2025年2月21日、佐賀県主催の『CSO次世代人材養成セミナー~繋がろう!長所も弱音も分かち合おう!~』において、当法人の副代表理事・秋山翔太郎が話題提供者として登壇しました。

秋山自身の学生時代からのNPO活動への取り組みや現場での経験をもとに、組織におけるリーダー継承のプロセス、組織運営における課題と取り組みを紹介しました。その後、テーブルトーク形式で活発な議論が交わされました。

オープニング

佐賀県庁県民協働課の川﨑まり子課長は、講演会冒頭の挨拶で、学生時代からのNPO活動の実績や、現在の佐賀県CSO推進機構での市民活動支援、後進育成への取り組みが高く評価され、県内CSOが気軽にご相談いただける環境が整っていることを紹介されました。

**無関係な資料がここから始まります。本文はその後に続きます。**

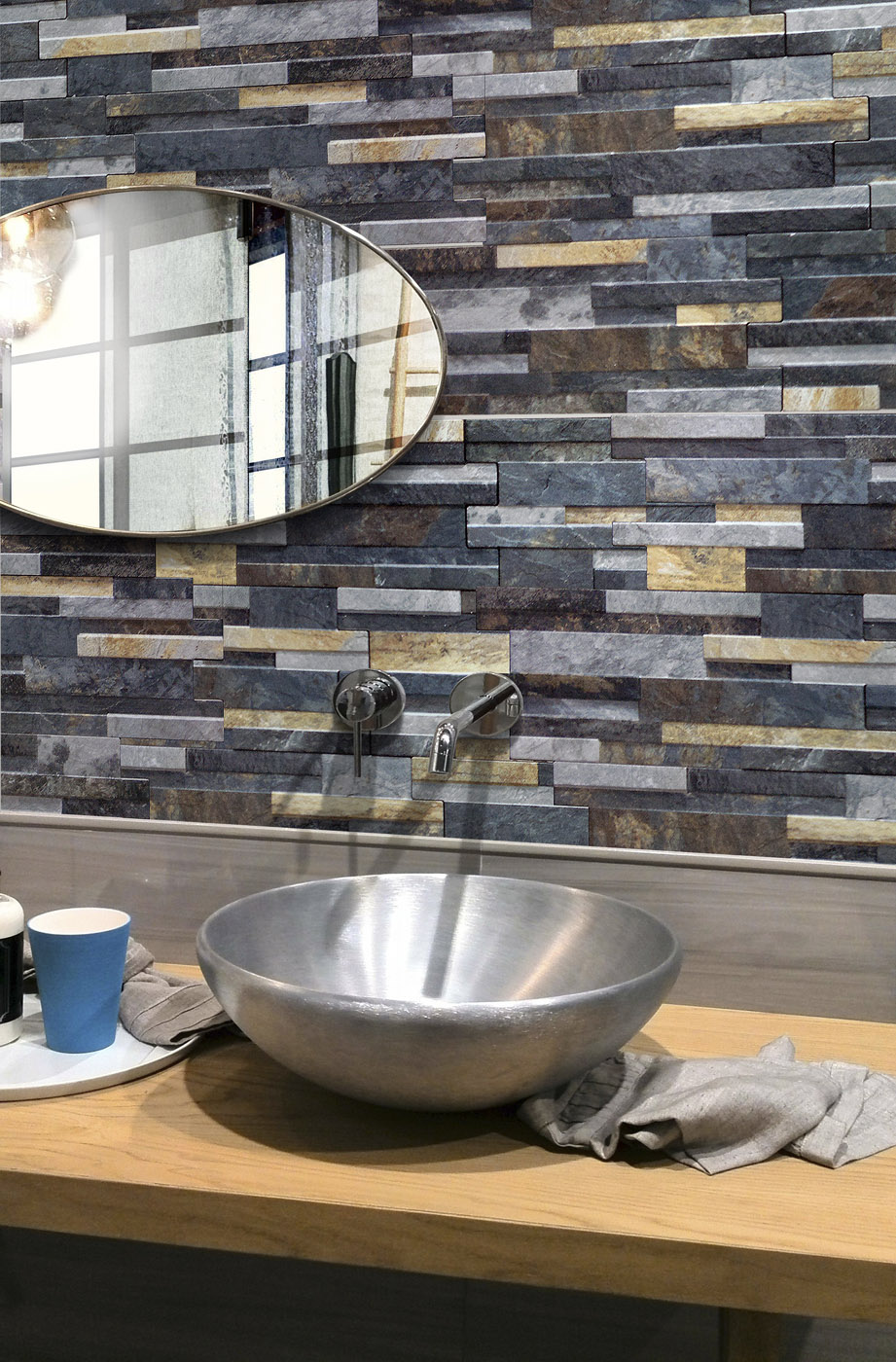 QUARZOs dreidimensionales Feinsteinzeug mit Quarzitsteineffekt kann unterschiedliche Tiefeneindrücke erzeugen und die Wände mit einem angenehmen natürlichen Effekt versehen. Anregung und Zweckmäßigkeit für Verkleidungen von Außenfassaden, Veranden, Pool- und Wellnessbereichen, originell auch für Wohn- oder Badezimmer. Das Feinsteinzeug von Quarzo passt sich auf vielseitige Weise jedem Stil, Bedarf und Verwendungszweck an. Die Quarzo Kollektion ist im 16×40-Interlocking-Format (mit einer Dicke von 8 bis 12 mm) erhältlich und wird in 3 warmen Farben Gold, Clay, Red und 3 kalten Farben Iron, Steel, Grey angeboten.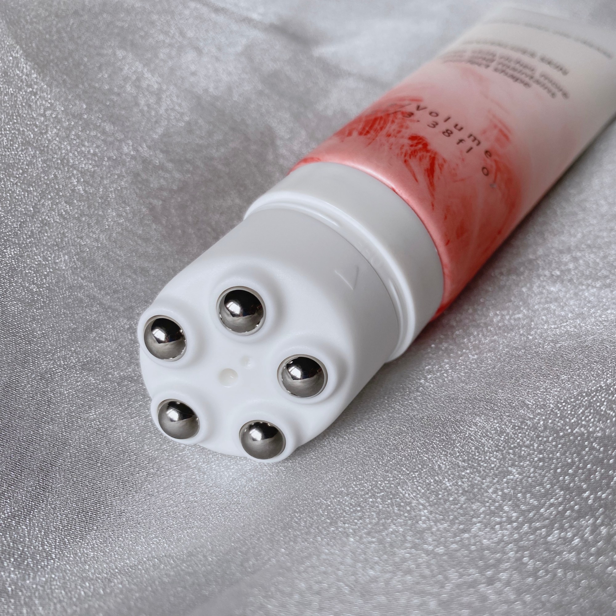 美巨霜是滾珠式的按摩棒設計,瓶身一端就是滾珠,乳液可以很輕鬆的從滾珠中間的孔洞擠出來,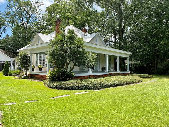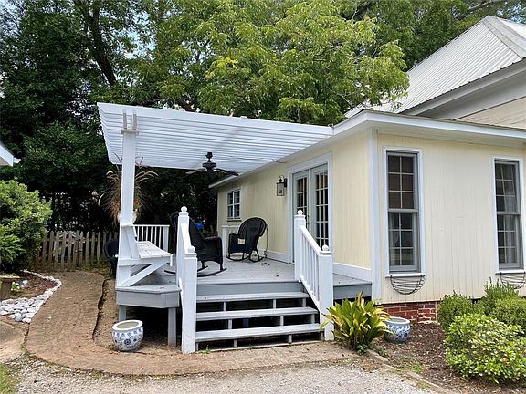 Storybook charm and elegance are uniquely combined to make this home totally irresistible! Built around 1890, this house is nestled toward the back of a very large landscaped lot in a lovely part of town. The owners have updated it but have managed to maintain all of the wonderful features that give it the appeal of a vintage cottage. A huge wraparound porch offers a respite for rocking and swinging the hours away. The beautiful windows throughout are a standout and offer tons of natural light. High ceilings and lovely moldings are in all of the rooms. The living room has a gas log fireplace with a new mantle with Travertine marble surround. The kitchen has been updated with all new stainless appliances, including a gas stove. Part of the cabinetry in the kitchen is original and looks like an antique piece. The handpainted Delft-style ceramic tiles depict pictures of the home and the homeowner's pets. All three bedrooms are large and beautiful. The custom draperies in the bedrooms convey. The washer and dryer are conveniently located in the master walk-in closet. In the rear, there is a lovely deck with a pergola. A detached double carport has two large storage rooms as well as pull-down stairs to a storage area above. A quaint little separate building makes a perfect office, studio or playhouse.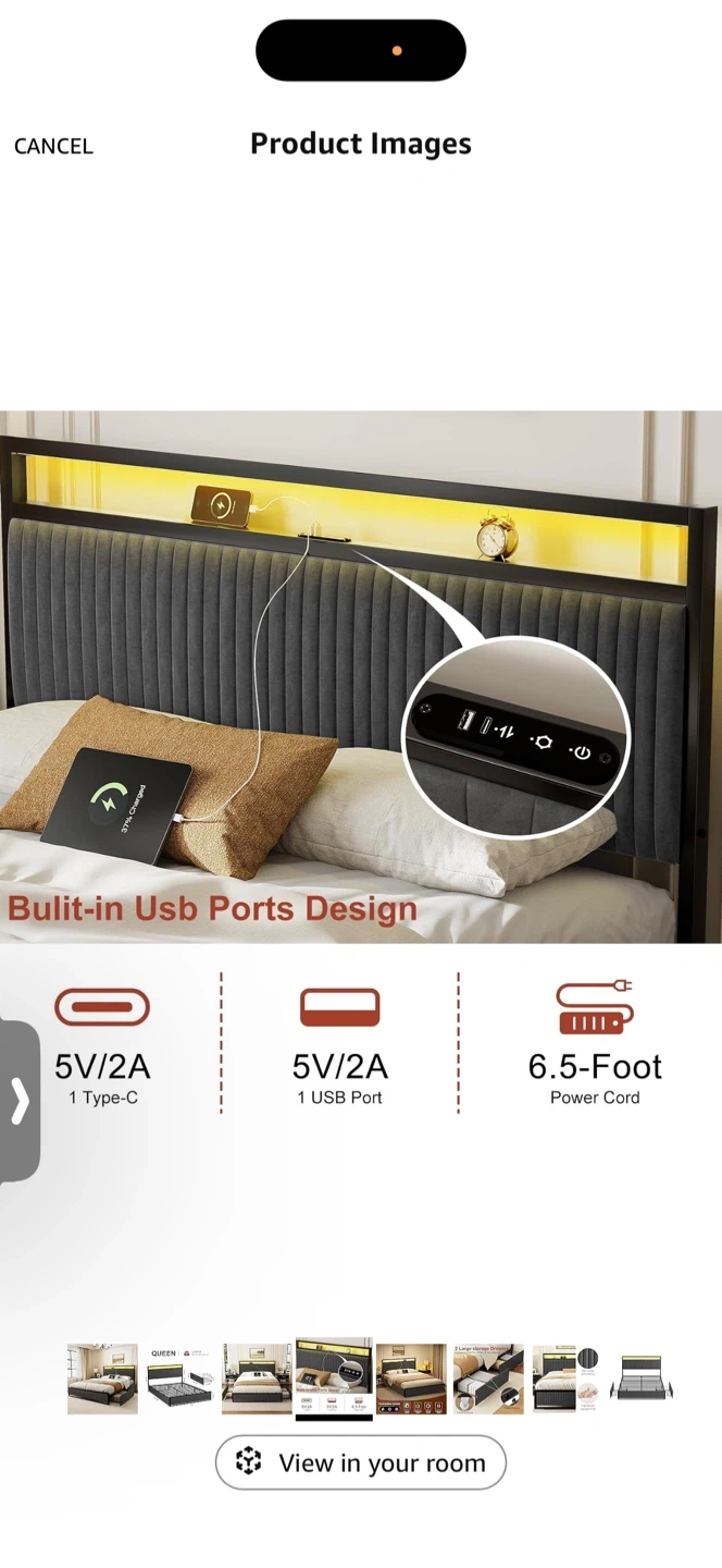 Selling a Queen size bed frame in dark grey. It features a built-in USB port design with 5V/2A 1 Type-C and 5V/2A 1 USB Port. The headboard has LED lights. It also has drawers for storage. The bed frame is made with high quality velvet fabrics and high density sponge filling.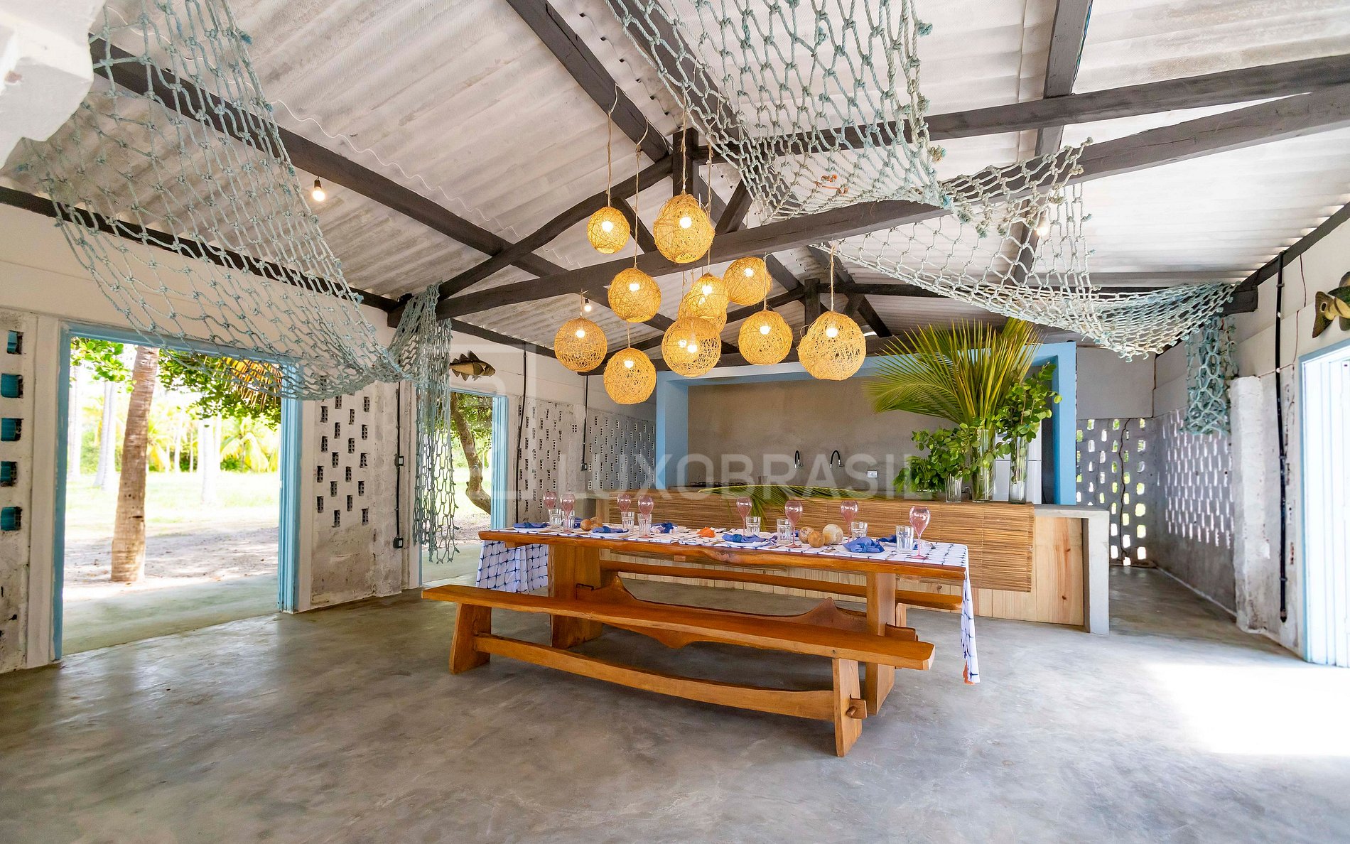 Hay una estructura al borde de la playa donde los huéspedes pasan el día. Tiene dos baños, una cocina y una mesa de comedor, con vistas al mar. Justo al lado, hay una cancha de tenis de playa y una hamaca.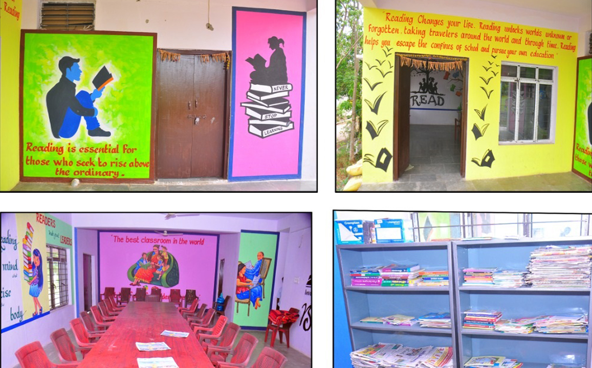 To extend the Library Services to the Clientele in Rural Areas the concept of Public Reading Room is evolved and as a part of it, eight Public Reading Rooms have opened in Yadadri Bhuvanagiri District and many more to open, The interest of Children are take care of with Murals and Wall Paintings.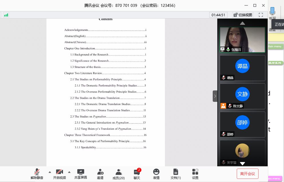 金沙9001cc以诚为本首页教学科讯 2020年5月8日,金沙9001cc以诚为本首页2016级本科生毕业论文中期答辩在以腾讯会议的方式举行。此次论文远程中期答辩共分为20个答辩小组,毕业论文指导老师、2016级本科生及教学科工作人员共同参与了答辩。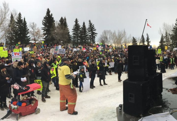 Large crowd gathers in northern Alberta city to rally for oil pipelinesA boisterous crowd, many carrying signs, could be heard chanting "build that pipe," a refrain that was followed by loud cheers.EconomyDec 16, 2018

続いて、ファシリテーターを務める公益財団法人佐賀未来創造基金の山本みずほ氏が、CSO次世代人材養成セミナーの意義について説明され、組織のリーダーや事務局長クラスの方々が孤立せず、悩みを共有しながら解決策を模索できる場を作ることの重要性を説かれました。特に、地元に根ざしたCSO間の学び合いを重視し、地域性を活かした密な連携と支援体制の構築を目指していることが明らかにされました。

講演:アルバイトから副代表理事、そして…

秋山の歩みと市民活動との出会い

秋山翔太郎は、佐賀大学在学中、2008年のバイク事故を契機に入院生活を経験し、その中で受講した講義や体験が大きな転機となりました。2009年には放置自転車の再活用を目指す学生環境活動団体「チャリさがさいせい」を立ち上げ、市民活動への第一歩を踏み出しました。

従来の部活動のようなヒエラルキーとは一線を画す、市民活動ならではの柔軟な組織運営に触れてもがく中で、IIHOE [人と組織と地球のための国際研究所]代表者の川北秀人氏から、「組織(Organization)」は本来「内臓(Organ)」と語源を一にするものであり、有機的なつながりをもとにお互いが補い、支え合うものであることを学びました。

この経験が市民活動キャリアの出発点であり、これが市民活動への情熱の原点となりました。

さらに、2014年4月、佐賀市市民活動プラザの当時のプラザ長から「あなたはこの業界に必要な人だからここで働いてみない?」との呼びかけを受け、市民活動支援拠点でアルバイトとして勤務を開始。また、複数回にわたり参加した岡山での中間支援組織による合同研修を通じ、中間支援の概念を学んだことが、その後の活動に大きな影響を与えました。

推進機構での役職変遷と組織改革

2016年よりプラザの職員・相談支援員として業務に従事するようになり、プラザのロゴマーク公募など、プラザのブランディングに注力し、市民活動支援を模索しました。そのような中、当時の代表理事(現顧問)である川副知子と、中間支援組織たる佐賀県CSO推進機構としての在り方について継続的に議論を重ねました。2020年、佐賀県CSO推進機構の理事就任を打診されて当初は躊躇したものの、「これまでの市民活動の立ち上げ経験がある」と「ハキハキ物が言える」という点が評価され、その年の9月に就任するに至りました。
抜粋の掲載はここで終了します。